Besides Wurl’s research group other researchers at the ICBM are also involved in the DFG Research Unit, which is titled Biogeochemical Processes and Air-Sea Exchange in the Sea-Surface Microlayer (BASS). Project partners from the GEOMAR Helmholtz Centre for Ocean Research Kiel, the Helmholtz-Zentrum hereon in Geesthacht, the Universities of Kiel, Hamburg and Vienna (Austria) and the Leibniz Institute for Tropospheric Research in Leipzig will also take part in the research.

High levels of UV radiation and strongly fluctuating temperatures

The scientists see the surface layer as a biogeochemical reactor – a place where unusual substances are produced due to the special conditions that prevail there. The project focuses on the biological, chemical and physical interactions in the microlayer. Its inhabitants range from single-celled algae and bacteria to more complex unicellular organisms and small animals. “The living conditions are tough,” notes Wurl, who is spokesperson of the Research Unit. “These organisms must withstand high levels of UV radiation and strongly fluctuating salt concentrations and temperatures.”

A thin biofilm exhibiting gel-like properties often forms on the sea surface as protection. It contains a complex mixture of organic substances such as certain polysaccharides, proteins and fatty compounds which, because of the high energy input of the solar radiation, react with each other in unusual ways. “Small-scale turbulences send these molecules downwards into deeper water layers, where they are then incorporated into various material cycles and assume important functions,” Wurl explains. The microlayer is clearly distinct from the other areas of the ocean and influences the global climate due to its unique location.

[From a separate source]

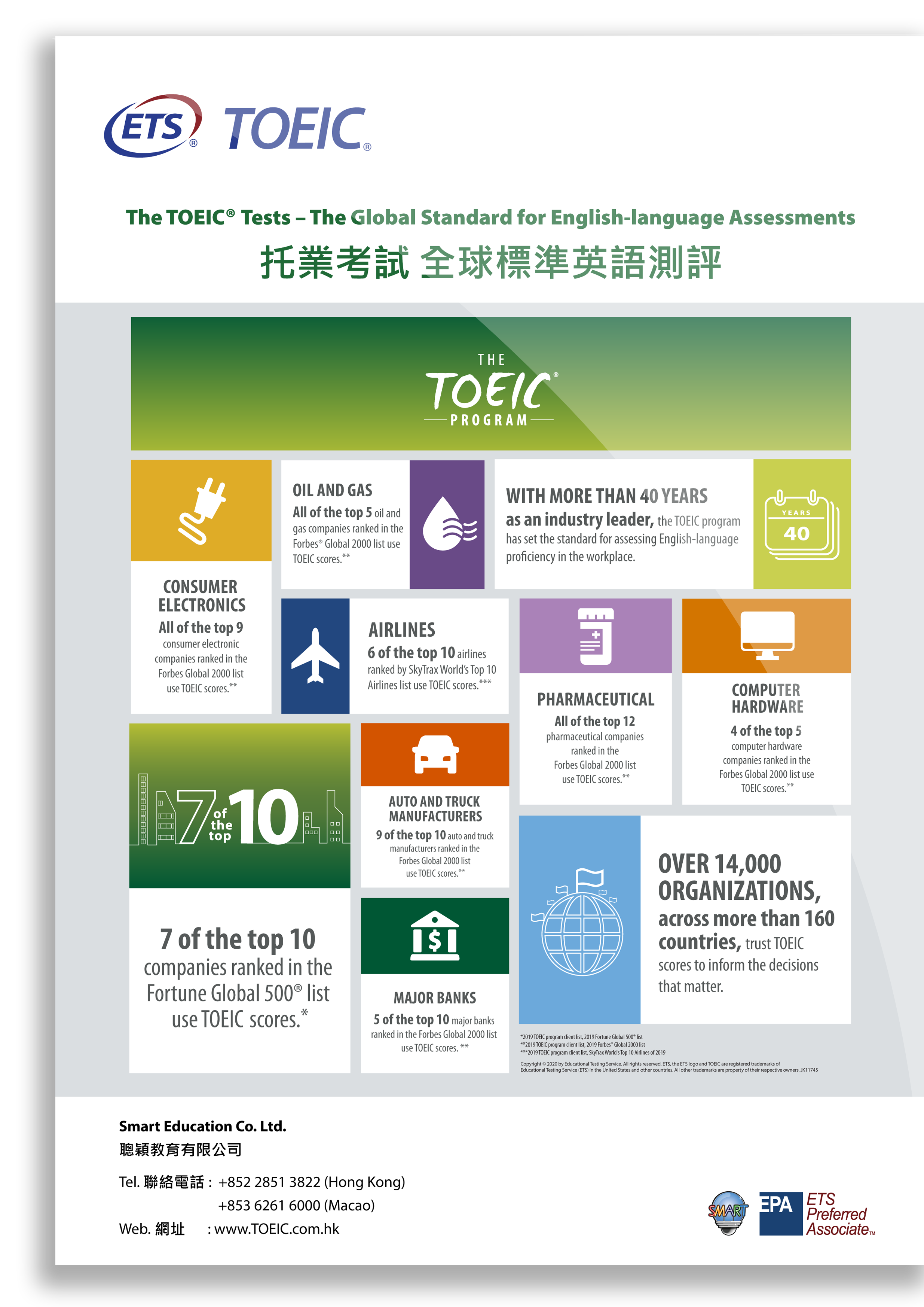 | 托業聽力與閱讀考試 | TOEIC® 口語考試 | TOEIC® 寫作考試 | |

To study processes in this wafer-thin layer in more details, the team will conduct field studies and lab experiments in the wind-wave tank at the University of Hamburg as well as in the “Sea Surface Facility” of the ICBM at its location in Wilhelmshaven. The heart of this outdoor facility is a 10,000-litre basin with an integrated filtration system under a retractable roof. The basin can be filled with natural water from the adjacent Jade Bay. The “Sea Surface Facility” allows to simulate aquatic ecosystems under controlled conditions.

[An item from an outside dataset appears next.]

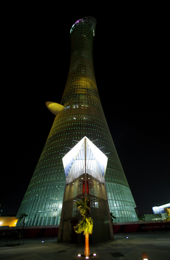 A general view shows the Tower of Asian Games Flame as preparations continue for the 15th Asian Games 2006 in Doha November 23, 2006.[Reuters]

Which species are present?

For the summer of 2024, a three-week measuring campaign on two research vessels in the North Sea near Helgoland is planned, with the participation of all the project partners. During this campaign the team will test innovative optical methods for measuring short-term changes in biological, chemical and physical conditions in the boundary layer. For various types of measurements, and to take samples from the sea surface, the researchers will use the ICBM’s new autonomous research catamaran, as well as small drifting buoys. They will then analyse the samples using various methods to determine, among other things, what species, organic substances and numbers of cells are present in the seawater.

In addition, the project partners plan to cultivate various microbes that are typically found in the surface layer and then investigate which substances these organisms secrete. For further experiments, the mesocosms will be filled with water from the North Sea, into which blooms of various microalgae will be triggered. The team will then investigate which substances accumulate in the surface layer and develop models to predict these accumulations.

In other sub-projects, the scientists will take a closer look at the chemical reactions in the boundary layer and the influence of sunlight, as well as the exchange of energy and trace gases between the atmosphere and the ocean. Another team of researchers will investigate what role small-scale churning movements triggered by variations in density play in the transport of organic substances and gases between the sea surface and deeper water layers.